We took delivery of a few for testing to see if they live up to the claims.
Test by Peter Bargh
The cases begin with the tiny 1010 from the fairly new Micro range that's ideal for a small compact camera or one of many of the latest digital compacts from the likes of Pentax and Canon. They go up in incremental groups with small, medium and large categories.

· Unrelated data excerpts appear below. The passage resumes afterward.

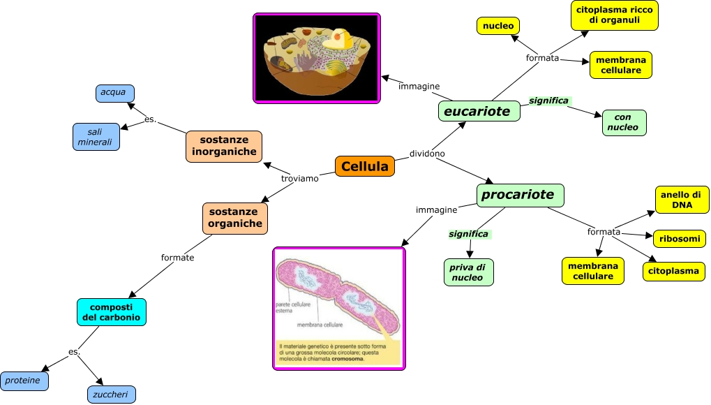 Questa Cmap, creata con IHMC CmapTools, contiene informazioni relative a: 12.2 cellule eucariote e procariote, procariote formata anello di DNA, procariote immagine, procariote formata membrana cellulare, eucariote immagine, Cellula dividono eucariote, procariote significa priva di nucleo, composti del carbonio es. zuccheri, procariote formata citoplasma, procariote formata ribosomi, Cellula dividono procariote, sostanze organiche formate composti del carbonio, eucariote significa con nucleo, eucariote formata citoplasma ricco di organuli, eucariote formata membrana cellulare, Cellula troviamo sostanze inorganiche, sostanze inorganiche es. acqua, eucariote formata nucleo, sostanze inorganiche es. sali minerali, composti del carbonio es. proteine, Cellula troviamo sostanze organiche
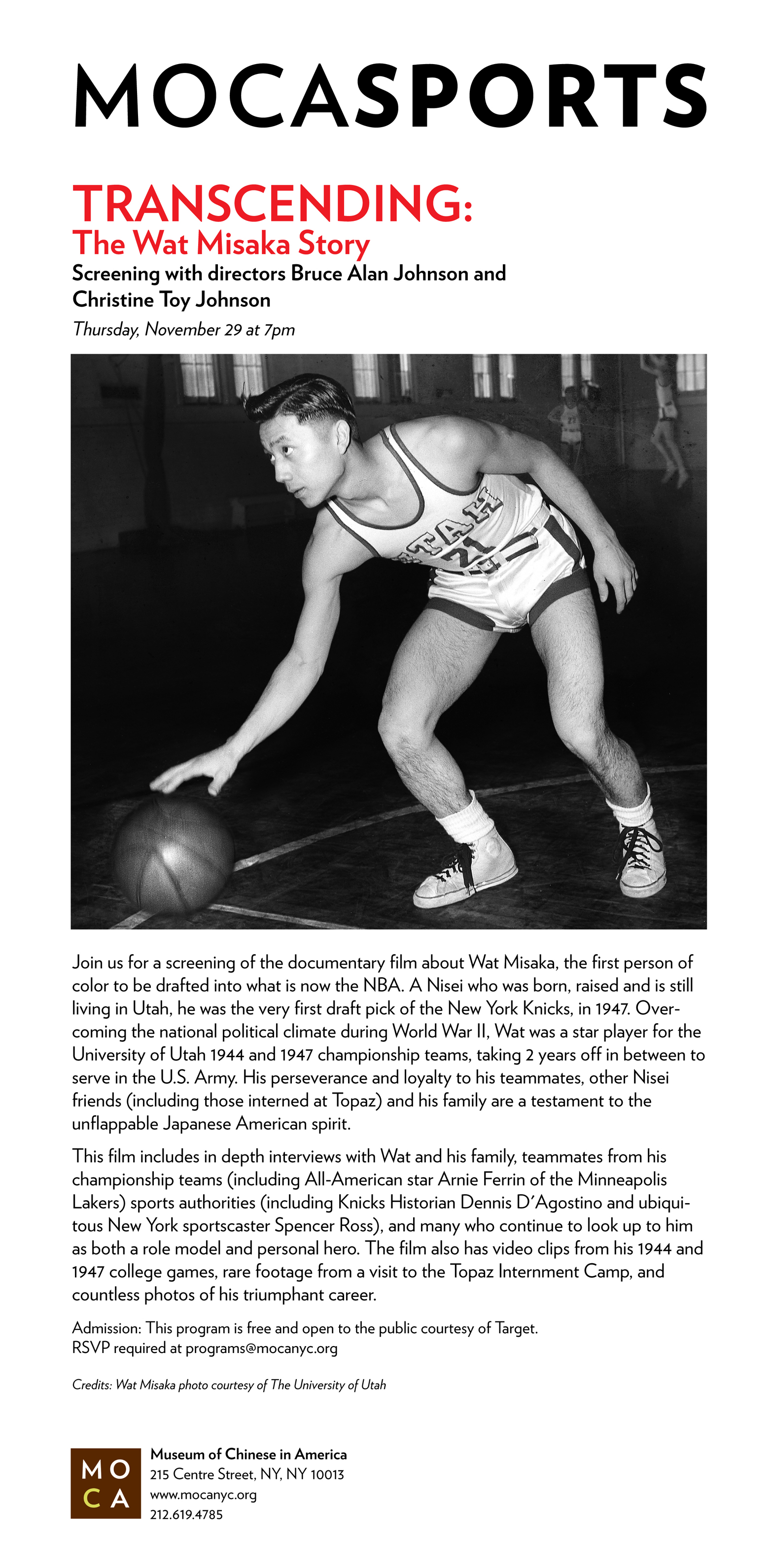 Film screening of “TRANSCENDING: The Wat Misaka Story” followed by a talk with directors Bruce Alan Johnson and Christine Toy Johnson.
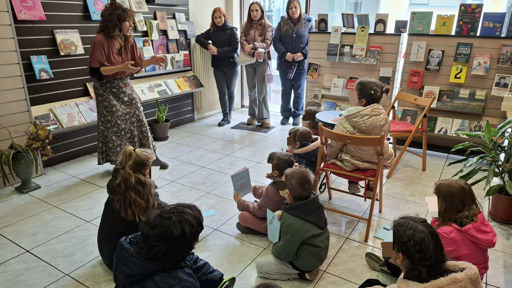 Με σημείο συνάντησης την κεντρική πλατεία, τα παιδιά έκαναν έναν πρωινό περίπατο σε βιβλιοπωλεία. Η πόλη μετατράπηκε σε έναν χάρτη ποίησης, αφήγησης και μουσικής. Σε κάθε στάση, αφηγητές και μουσικοί ζωντάνεψαν ποιήματα και ιστορίες για παιδιά, σε μια διαδρομή γεμάτη λόγο, ήχο και φαντασία. Οι μικροί φίλοι επισκέφθηκαν τα βιβλιοπωλεία: Πάπυρος, Συνεταιριστικό, Αθανασιάδης, Στοά του Βιβλίου, Σακαλής, Καταφυγή Βιβλιοφίλων, Μαγαζάκι στη Γωνία. Συμμετείχαν οι: Θεανώ Κουτσιμανή, Δέσποινα Παρδάλη, Λίλη Στραβοπόδη, Δώρα Τανή, Αναστασία Τοπάλη, Αναστασία Τσούνη, Νίκη Φωτιάδου.
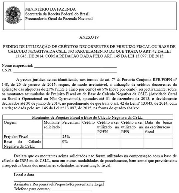 §3º No momento do requerimento de adesão ao pagamento à vista ou ao parcelamento, a pessoa jurídica deverá declarar, por meio de solicitação expressa e irretratável, os montantes de prejuízo fiscal e da base de cálculo negativa da CSLL a serem utilizados na amortização dos débitos de que trata esta Portaria Conjunta, devendo indicar, para cada órgão, o respectivo crédito a ser utilizado, na forma prevista no Anexo IV.

These include the huge 1600 series (these are so big they even have wheels to make them easy to transport when full with kit) and the longer 1700 series that are illustrated with harpoon guns encased, but could be used to store and transport studio lighting accessories.
The sizes, along with weights, are as follows:
(The price is correct atApril 2003 and is for all models with foam insert when provided)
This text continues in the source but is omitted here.